The full traceback is as follows:

Traceback (most recent call last):
  File "D:/工作目录/00 programs/LODAPSER/resource/data/DMPAsset/training/Model_mcs_dataprocess/projectfiles/test/user_data_process/dask_map_partition.py", line 17, in <module>
    lambda x: [val for val in x[col_name]]
  File "D:\工作目录\00 programs\LODAPSER\resource\data\DMPAsset\training\Model_mcs_dataprocess\venv\lib\site-packages\dask\dataframe\core.py", line 3881, in __setitem__
    df = self.assign(**{key: value})
  File "D:\工作目录\00 programs\LODAPSER\resource\data\DMPAsset\training\Model_mcs_dataprocess\venv\lib\site-packages\dask\dataframe\core.py", line 4193, in assign
    return elemwise(methods.assign, self, *pairs, meta=df2)
  File "D:\工作目录\00 programs\LODAPSER\resource\data\DMPAsset\training\Model_mcs_dataprocess\venv\lib\site-packages\dask\dataframe\core.py", line 5102, in elemwise
    args = _maybe_align_partitions(args)
  File "D:\工作目录\00 programs\LODAPSER\resource\data\DMPAsset\training\Model_mcs_dataprocess\venv\lib\site-packages\dask\dataframe\multi.py", line 165, in _maybe_align_partitions
    dfs = [df for df in args if isinstance(df, _Frame) and not _is_broadcastable(df)]
  File "D:\工作目录\00 programs\LODAPSER\resource\data\DMPAsset\training\Model_mcs_dataprocess\venv\lib\site-packages\dask\dataframe\multi.py", line 165, in <listcomp>
    dfs = [df for df in args if isinstance(df, _Frame) and not _is_broadcastable(df)]
  File "D:\工作目录\00 programs\LODAPSER\resource\data\DMPAsset\training\Model_mcs_dataprocess\venv\lib\site-packages\dask\dataframe\core.py", line 5063, in is_broadcastable
    for df in dfs
  File "D:\工作目录\00 programs\LODAPSER\resource\data\DMPAsset\training\Model_mcs_dataprocess\venv\lib\site-packages\dask\dataframe\core.py", line 5064, in <genexpr>
    if isinstance(df, DataFrame)
  File "D:\Program Files\Python37\lib\site-packages\pandas\core\base.py", line 764, in min
    return nanops.nanmin(self._values, skipna=skipna)
  File "D:\Program Files\Python37\lib\site-packages\pandas\core\nanops.py", line 135, in f
    result = alt(values, axis=axis, skipna=skipna, **kwds)
  File "D:\Program Files\Python37\lib\site-packages\pandas\core\nanops.py", line 394, in new_func
    result = func(values, axis=axis, skipna=skipna, mask=mask, **kwargs)
  File "D:\Program Files\Python37\lib\site-packages\pandas\core\nanops.py", line 977, in reduction
    result = getattr(values, meth)(axis)
  File "D:\Program Files\Python37\lib\site-packages\numpy\core\_methods.py", line 34, in _amin
    return umr_minimum(a, axis, None, out, keepdims, initial, where)
TypeError: '<=' not supported between instances of 'str' and 'int'

Process finished with exit code 1

If I add str col names on the original dataframe, then the program will run successfully. I found that it seems try to get min value from new column names [0,1,2,"new_0"] by use pandas.DataFrame.index.min.

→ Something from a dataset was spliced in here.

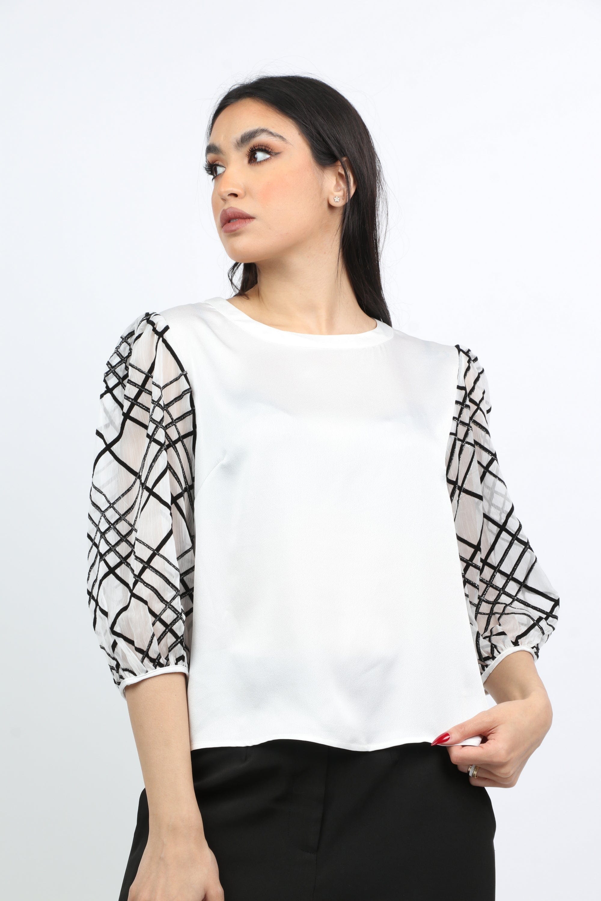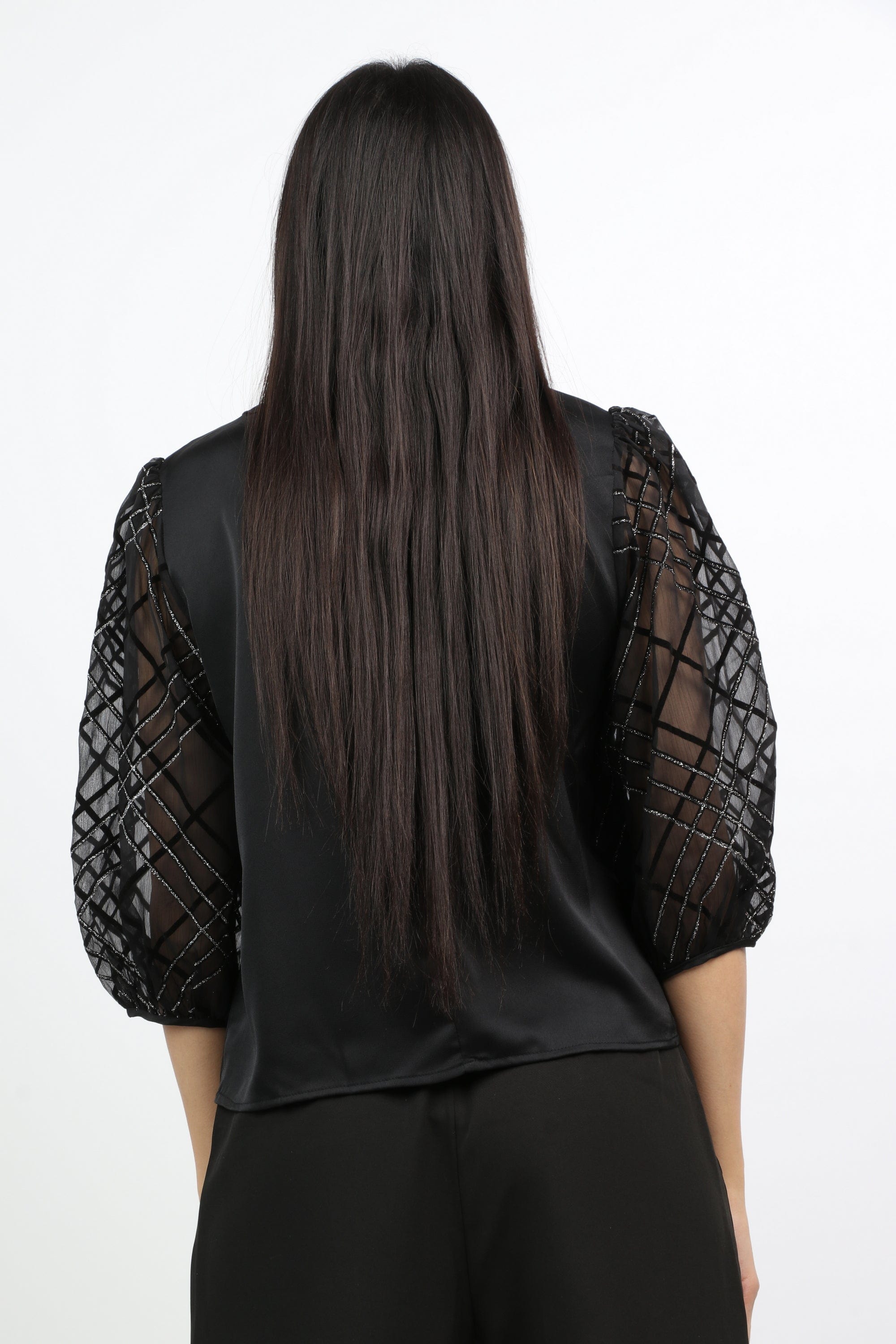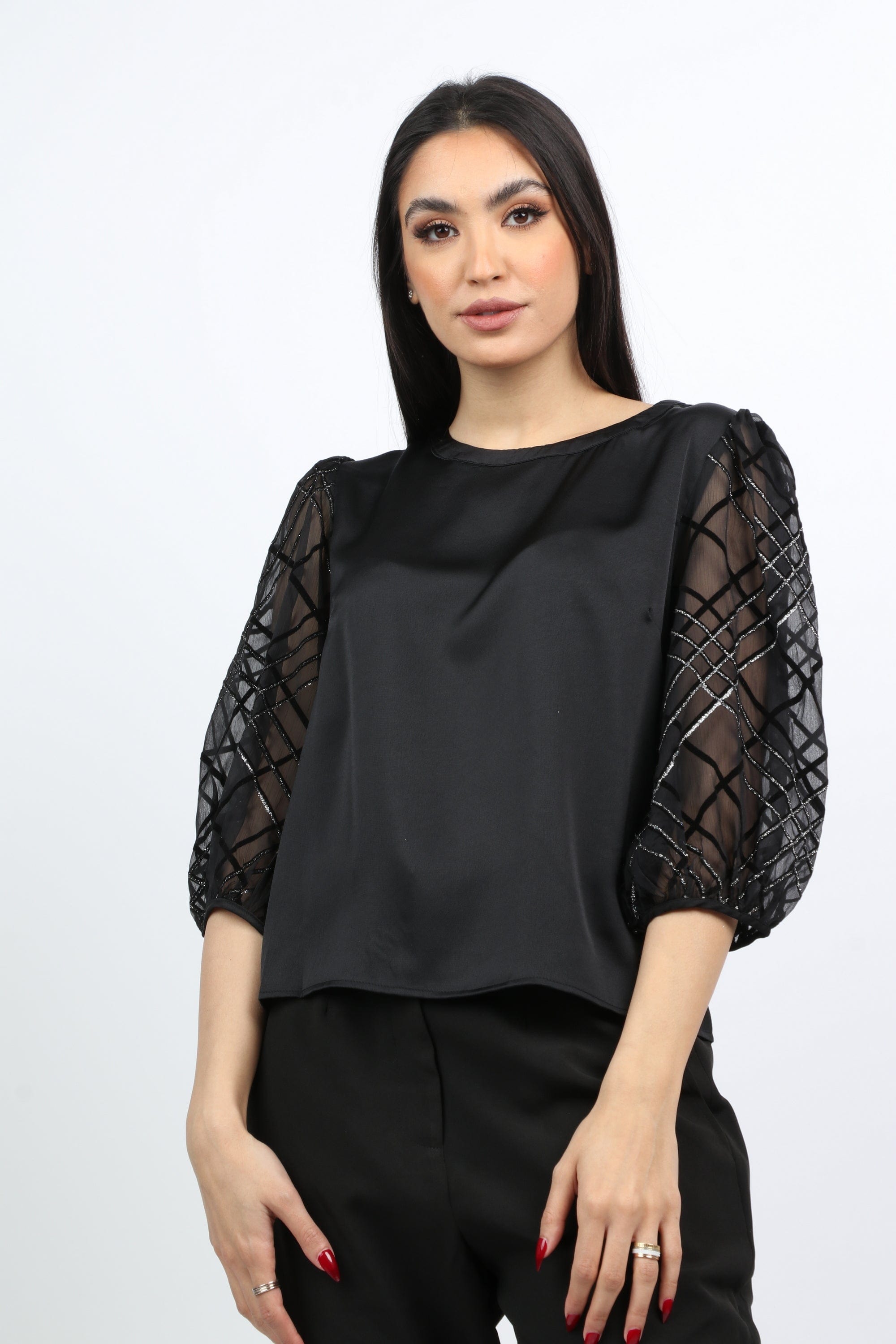 بلوزة سهرة سادة أكمام طويلة منفوخة نسائي

I think this is a bug of dask...does anyone who have some commments of this?

jrbourbeau · 2021-08-27T21:12:03Z

Thanks for reporting this issue and providing a nice reproducer @df19900725. Indeed it looks like our logic here

dask/dask/dataframe/core.py

Lines 5220 to 5233 in fb4e90a

    
           def is_broadcastable(dfs, s): 
        
               """ 
        
               This Series is broadcastable against another dataframe in the sequence 
        
               """ 
        
               return ( 
        
                   isinstance(s, Series) 
        
                   and s.npartitions == 1 
        
                   and s.known_divisions 
        
                   and any( 
        
                       s.divisions == (df.columns.min(), df.columns.max()) 
        
                       for df in dfs 
        
                       if isinstance(df, DataFrame) 
        
                   ) 
        
               )

isn't robust to mixed str and int column names. Is this something you're interested in working on? (no obligation though)

df19900725 · 2021-08-28T00:49:16Z

Sure. I will try to fix this.

ncclementi · 2021-10-14T15:01:49Z

@df19900725 checking in here, did you have the chance to take a look at this, if so, would you like to open a PR with the fix?

df19900725 · 2021-10-18T03:30:36Z

@ncclementi I find it was not easy to fix because if that dataframe.index contains both str and int, it can not be sorted. I can not find a good solution to solve this. Maybe we can throw an exception here?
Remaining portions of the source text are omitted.